Bracken We Know About…

[Anticon; 2007]

Styles: versatile electro-acoustic
Others: Hood, The Berg Sans Nipple, Animal Collective, Nudge, Grizzly Bear

Anticon’s release of new material from long-time acquaintances Bracken signals an even more pronounced step away from traditional hip-hop into electronic-acoustic music for the Oakland-based label. Bracken write with a panoply of synths and drum machines, varying in age and quality, but they’re clever enough to make tracks where the assorted pieces of equipment both compete and complement each other with a certain damaged elegance. Even better, they achieve that elegance without letting the record become too pretty or uniform: a generous musical vocabulary enables each song to speak with both a familiar voice and novel inflections. As a result, We Know About the Need canters by in a swift, vigorous 45 minutes.
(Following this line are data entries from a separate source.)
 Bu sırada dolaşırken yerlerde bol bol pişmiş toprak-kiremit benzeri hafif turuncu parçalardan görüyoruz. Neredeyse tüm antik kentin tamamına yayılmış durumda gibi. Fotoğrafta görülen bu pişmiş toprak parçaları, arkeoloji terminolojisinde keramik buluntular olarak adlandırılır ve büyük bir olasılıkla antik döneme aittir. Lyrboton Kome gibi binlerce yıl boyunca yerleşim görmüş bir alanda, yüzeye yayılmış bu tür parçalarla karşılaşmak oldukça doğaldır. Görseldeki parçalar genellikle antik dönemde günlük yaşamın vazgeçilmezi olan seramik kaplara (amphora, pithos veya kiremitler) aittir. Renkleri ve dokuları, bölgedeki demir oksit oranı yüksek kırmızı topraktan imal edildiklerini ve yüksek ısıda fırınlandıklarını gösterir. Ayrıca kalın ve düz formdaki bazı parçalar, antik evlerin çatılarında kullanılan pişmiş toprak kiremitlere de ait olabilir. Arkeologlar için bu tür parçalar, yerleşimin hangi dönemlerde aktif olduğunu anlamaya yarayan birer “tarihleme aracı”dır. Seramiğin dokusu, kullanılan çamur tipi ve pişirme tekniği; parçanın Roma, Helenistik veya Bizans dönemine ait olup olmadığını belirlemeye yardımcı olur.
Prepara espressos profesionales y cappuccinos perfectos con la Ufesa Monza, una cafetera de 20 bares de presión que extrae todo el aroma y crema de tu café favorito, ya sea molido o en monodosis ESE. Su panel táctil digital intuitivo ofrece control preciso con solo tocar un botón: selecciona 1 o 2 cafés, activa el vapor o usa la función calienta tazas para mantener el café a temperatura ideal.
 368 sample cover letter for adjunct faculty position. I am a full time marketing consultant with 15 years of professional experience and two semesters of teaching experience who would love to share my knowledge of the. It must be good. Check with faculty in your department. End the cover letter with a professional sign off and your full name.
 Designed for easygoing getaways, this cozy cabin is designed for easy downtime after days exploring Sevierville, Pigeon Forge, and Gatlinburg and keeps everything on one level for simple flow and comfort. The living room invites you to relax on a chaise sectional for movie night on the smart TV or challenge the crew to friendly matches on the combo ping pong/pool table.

“Safe Safe Safe” collates some of the more popular elements of contemporary indie rock. The chanted, choral vocals, cyclical delay, bold string arrangement, and surplus melodies from xylophones and synthesizers (all packed into strings of inspiring crescendos that break near the ¾ mark) evoke Islands, Grizzly Bear, Broken Social Scene, The Arcade Fire or…. These are maneuvers that have become more and more conventional in the last 3-5 years, but can still be captivating when executed as competently as they are here.
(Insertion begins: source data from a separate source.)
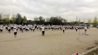 今日1限目に、運動会全体練習を行いました。開閉会式の並び方や入場行進、準備体操など、一通り行いました。子どもたちは、姿勢よく立ったり、前で話している人の話をしっかり聞いたりするなど、一生懸命真剣に取り組む姿が見られました。準備体操や選手宣誓などを担当した児童も、がんばっていました。運動会当日が楽しみです。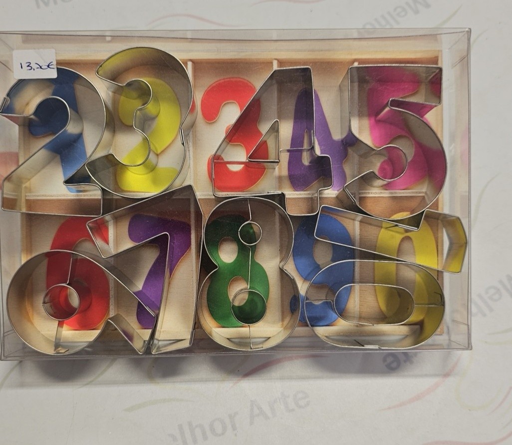 Conjunto de cortadores de biscoito em forma de números coloridos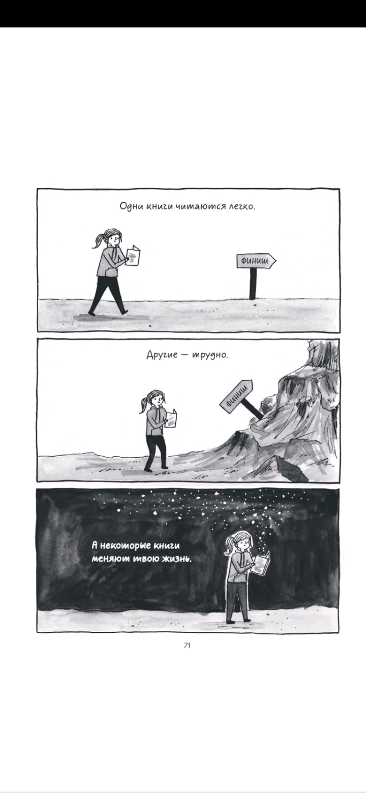 «Книги помогают и в тяжёлые времена, и когда скучно, и когда нужен толковый совет. Книги всегда со мной, даже если никто меня не понимает. Если вы однажды полюбили книги, то это навсегда».безумцамилюбителями книг. Не последнее место в комиксах Дебби занимает её муж: пусть временами его и поражают выходки его жены (чемодан для книг и меня поразил, вау, вот это уровень), он всё равно уважает её выбор и поддерживает её в этом, не насмехаясь и не издеваясь над ней. К счастью, мне тоже в этом плане всегда везло, и пока кто-то в очередной раз пытается укорить меня за то, что я трачу слишком много денег и времени на книги, родные и близкие одаривают меня новенькими книжечками и заводят о них разговоры, зная, как это для меня важно. А для меня это действительно важно. Потому что время идёт, люди покидают нас, мы становимся другими, но то, что дарит нам по-настоящему хорошая книга, остаётся с нами навсегда.41460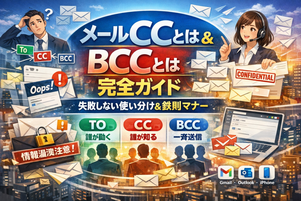 GmailやOutlook、iPhoneメールでのCC・BCCのやり方、BCCメールマナーや返信の扱い、メルマガでBCCを使わない方がいい理由、宛先とCCとBCCを個人技から組織の仕組みに変える方法も一気通貫で扱います。この記事を読み切れば、「メールCCとは」「メールBCCとは」「ToとCCとBCCの違いは」と再検索する必要がなくなり、今日このあと送る1通から、無駄なトラブルと信用低下を確実に避けられます。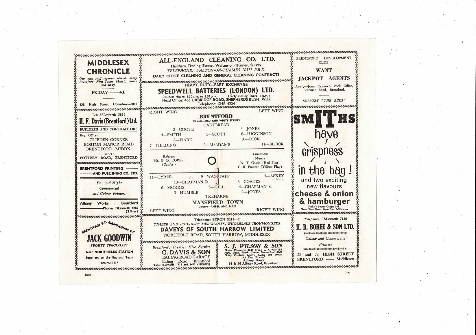 This Original Football Programme is slightly creased with two team changes in pencil & stape just starting to rust. Plese see scans.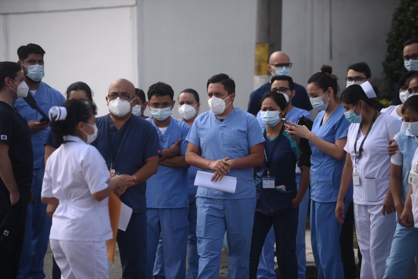 En la puerta número 8 del hospital temporal del Parque de la Industria, acuerpados unos a otros, uno de los médicos dio lectura al comunicado. Estas fueron son sus peticiones al Gobierno, al cual piden mayor respaldo: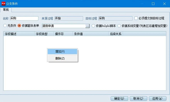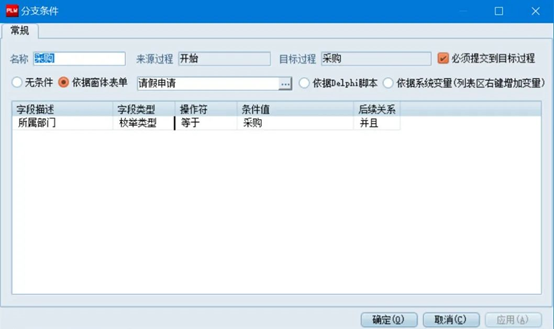 在出現(xiàn)的條件值上,《字段描述》選擇“所屬部門”,《條件值》選擇“采購”,勾選【必須提交到目標過程】,然后確定即可。此時條件設置完成,當用戶在《請假申請》單中所屬部門選擇“采購”時,啟動流程后自動提交到采購部進行審核。其他部門設置同樣如上。
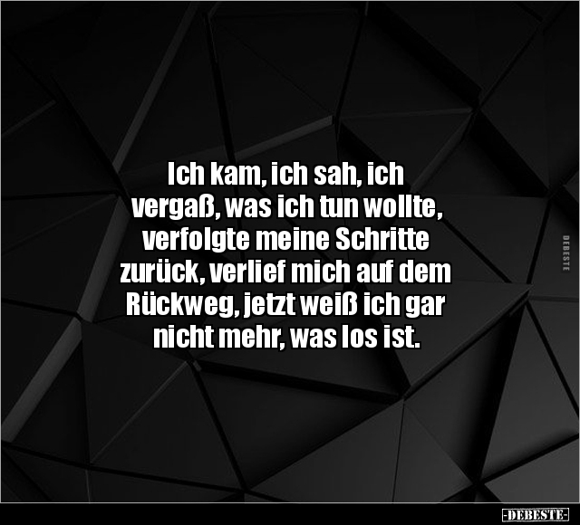 Ich kam, ich sah, ich vergaß, was ich tun wollte, verfolgte meine Schritte zurück, verlief mich auf dem Rückweg, jetzt weiß ich gar nicht mehr, was los ist.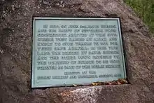 A 1960 plaque dedicated to David Hudson and his party by the Hudson Library and Historical Society, marking a plot of land that was set aside in 1805 to be used as a public square.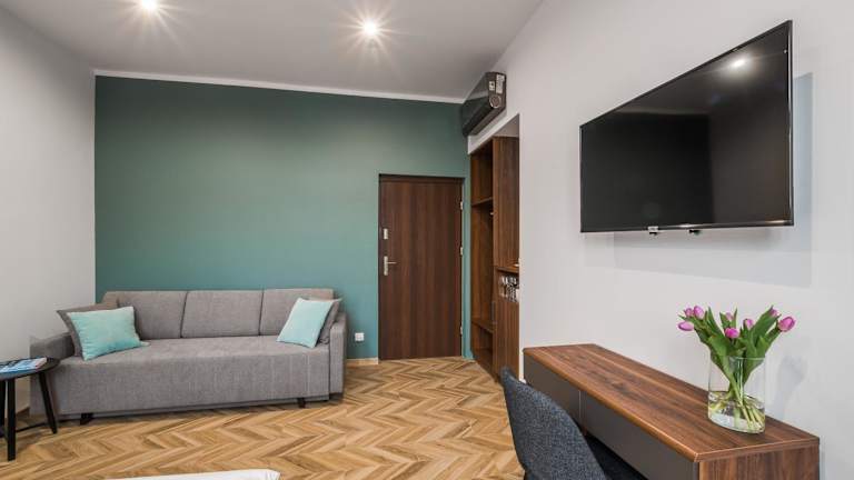 EASY RENT Piłsudskiego 6 hat in jeder Wohneinheit ein eigenes Badezimmer mit Dusche, Klimaanlage sowie einen Flachbild-TV und Kühlschrank. Einige Wohneinheiten verfügen zusätzlich über einen Sitzbereich und/oder einen Balkon. Die Unterkunft ist nichtraucherfreundlich und verfügt über allergikerfreundliche Zimmer.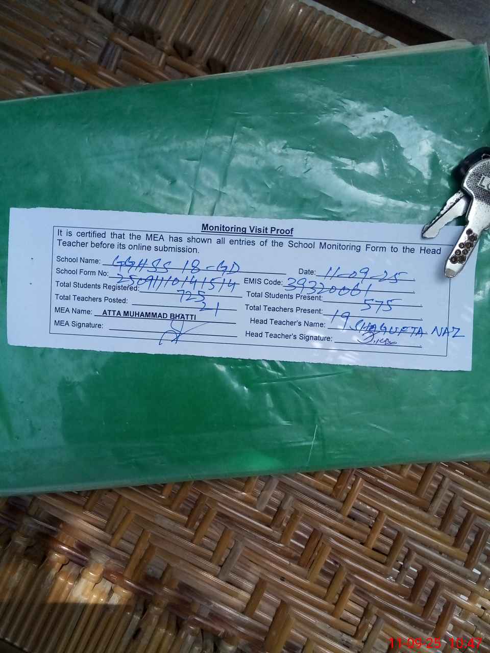 | EMIS Code: 39320061 | Name of School: GGHSS CHAK NO.18/G.D | |||

Bracken don’t stay long in the leftfield-power-pop mode, however. After an ethereal one-minute interlude, they gnash their way through “Evil Teeth,” the least structured track, the one that sounds like the kid who is in love with machines deciding to turn them all on at once, spin several knobs all the way to the right and then sing through the din. His drummer friend is there to help complicate things. The frenzy calms, and then a handful of gothic drones mourn over each other while a lonely organ line stutters in the background. It’s a brave song that shucks the skilled pastiche of the rest of the record in favor of more hazardous experimentation. I hope the band uses it as a point of departure for new material.
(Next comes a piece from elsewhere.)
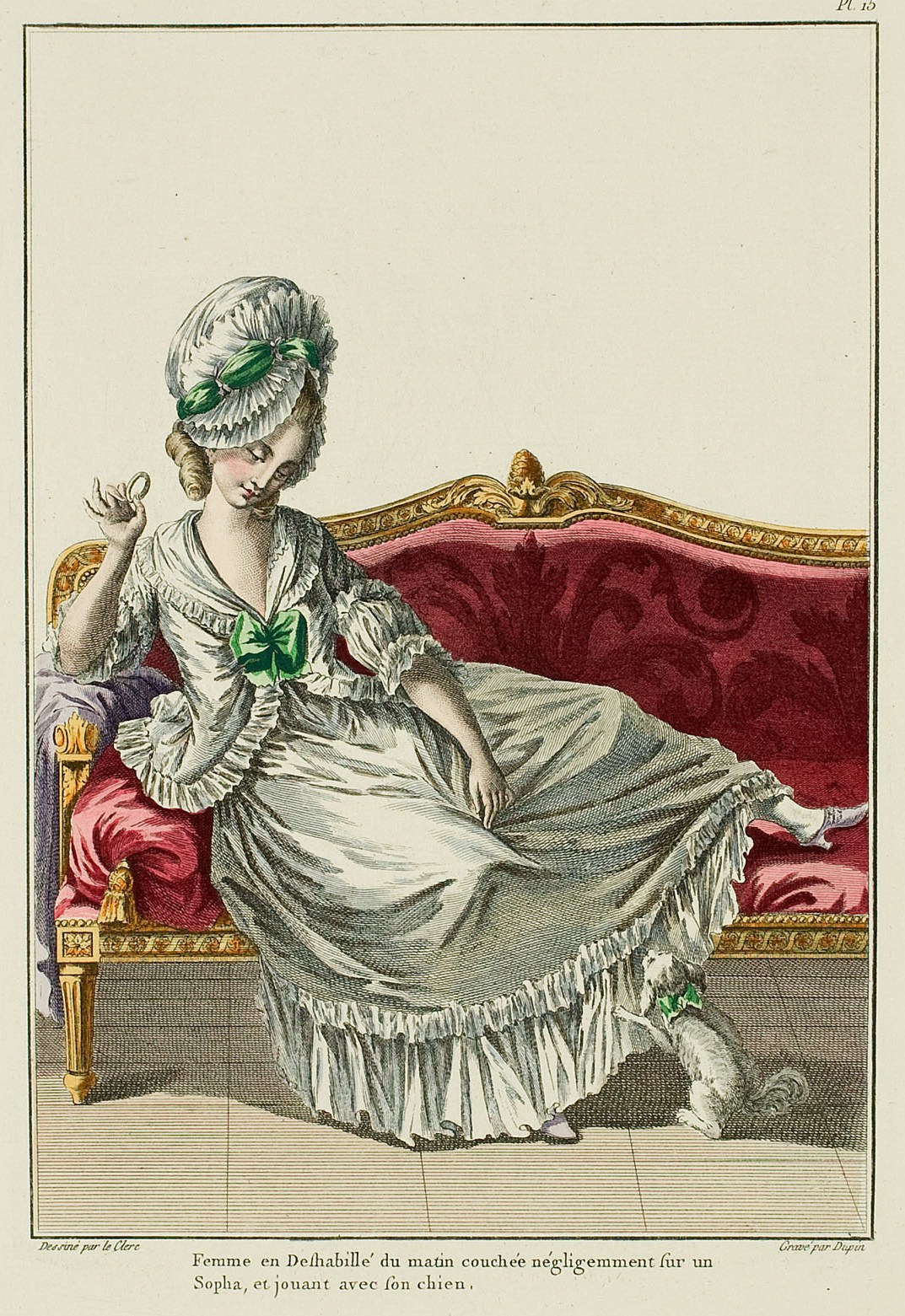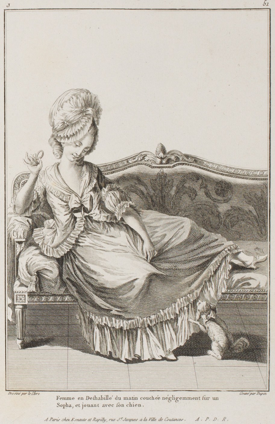 This beauty, half-stretched on the sofa, waits for the moment of her toilette or a romantic meeting; she plays with her dog: the little animal, no less dainty than it is submissive, performs diverse tricks to satisfy his mistress and get a giblet that she is holding. Already she has had fun attaching a pink collar made of bouilloné ribbons; maybe it has received its first kiss: it is almost always assured of a preference.

Bracken’s Chris Adams claims that his recording process results in “a lot of square pegs … being forced into round holes,” but that’s not something that’s really audible on this release. What you can hear is ubiquitous evidence of his enthusiasm for various stripes of electronica: in addition to the poppy and noisy moments cited above, We Know About the Need bears significant traces of drone, ambient, and instrumental hip-hop (and I’m guessing that “La Monte’s Lament” is a LaMonte Young reference.) Bracken is clearly a band made up of avid listeners that seem to pay as much attention to sonic diversity as they do to adroit songwriting. That’s a virtue that makes We Know About the Need a pleasurable listen and has me hoping the group will remain curious enough to explore even more new voices for itself in future works.